However, along with all these potential benefits, connection coalescing also has some associated risk factors that need to be considered in practice. First, TCP incorporates “fair” congestion control mechanisms — if there are ten connections on the same route, each gets approximately 1/10th of the total bandwidth. So with a route congested and bandwidth restricted, a client relying on multiple connections might be better off (for example, if they have five of the ten connections, their total share of bandwidth would be half). Second, browsers will use different parallelization routines for scheduling requests on multiple connections versus the same connection — it is not immediately clear whether the former or latter would perform better. Third, multiple connections exhibit an inherent form of load balancing for TLS-termination processes. That’s because multiple requests on the same connection must be answered by the same TLS-termination process that holds the session keys (often on the same physical server). So, it is important to study connection coalescing carefully before rolling it out widely.

With this context in mind, we studied the feasibility of connection coalescing on real-world traffic. More specifically, the two questions we wanted to answer were
(a) can we empirically demonstrate and quantify the theoretical benefits of connection coalescing?, and (b) could coalescing cause unintended side effects, such as performance degradation, due to the risks highlighted above?

In order to answer these questions, we first made the observation that a large number of Cloudflare customers request subresources from cdnjs — which is also powered by Cloudflare. For context, cdnjs has public JavaScript and CSS libraries (like jQuery), and is used by more than 12% of all websites on the Internet. One popular way these websites include resources from cdnjs is by using <script src="https://cdnjs.cloudflare.com/..." ></script> HTML tags. But there are other ways as well, such as the usage of XMLHttpRequest or Fetch APIs. Regardless of the way these resources are included, browsers will need to fetch them for completely loading a website.

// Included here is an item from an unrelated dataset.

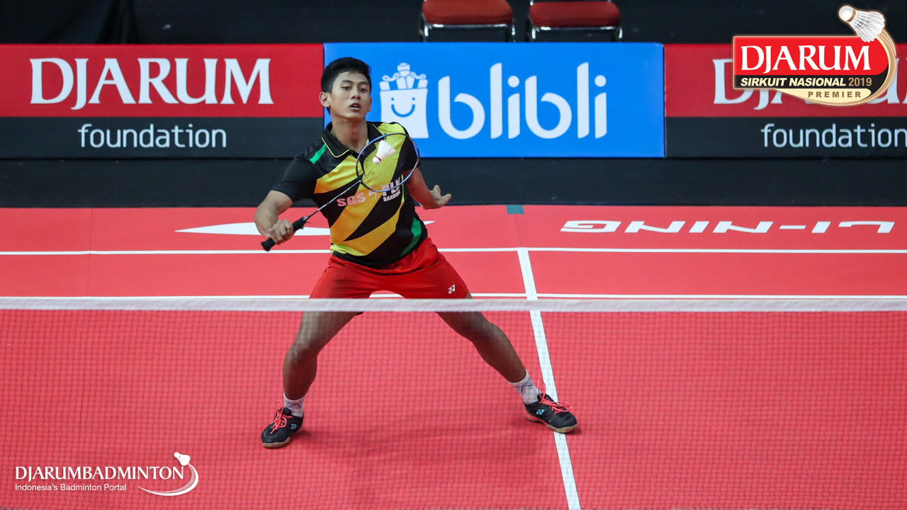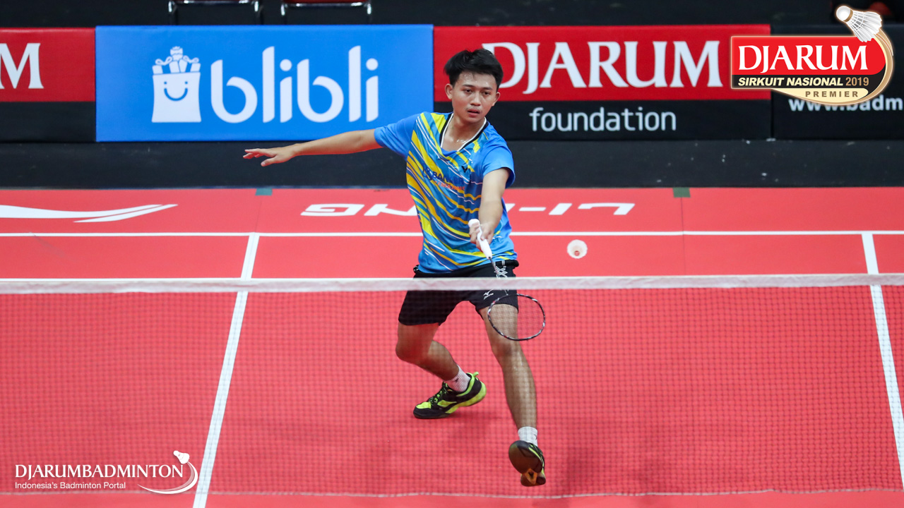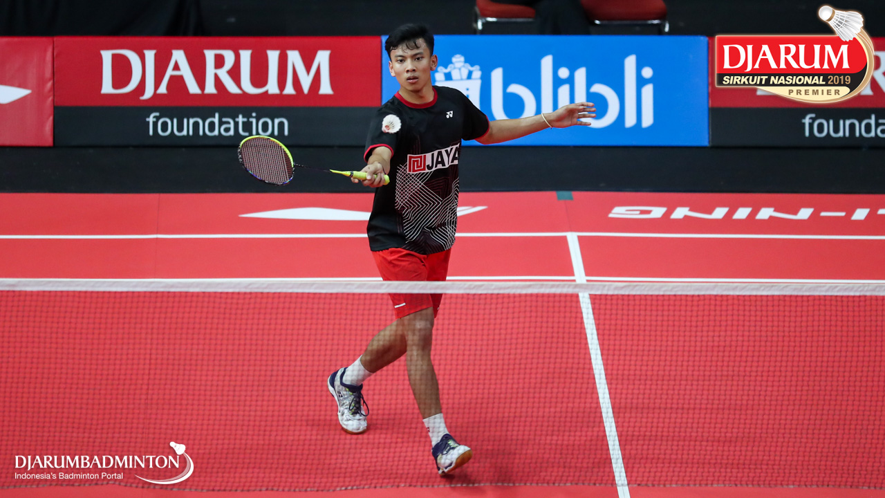 Made Deco Setya Atmaja (Jaya Raya Jakarta) bersiap menyambut shuttlecock

We then identified a list of approximately four thousand websites using Cloudflare (on the Free plan) that likely used cdnjs. We divided this list of sites into evenly-sized and randomly-picked control and experiment groups. Our plan was to enable coalescing only for the experiment group, so that subresource requests generated from their web pages for cdnjs could reuse existing connections. In this way, we were able to compare results obtained on the experiment group, with the ones for the control group, and attribute any differences observed to connection coalescing.

In order to signal browsers that the requests can be coalesced, we served cdnjs and the sites from the same IP address in a few regions around the world. This meant the same DNS responses for all the zones that were part of the study — eventually load balanced by our Anycast network. These sites also had TLS certificates that included cdnjs.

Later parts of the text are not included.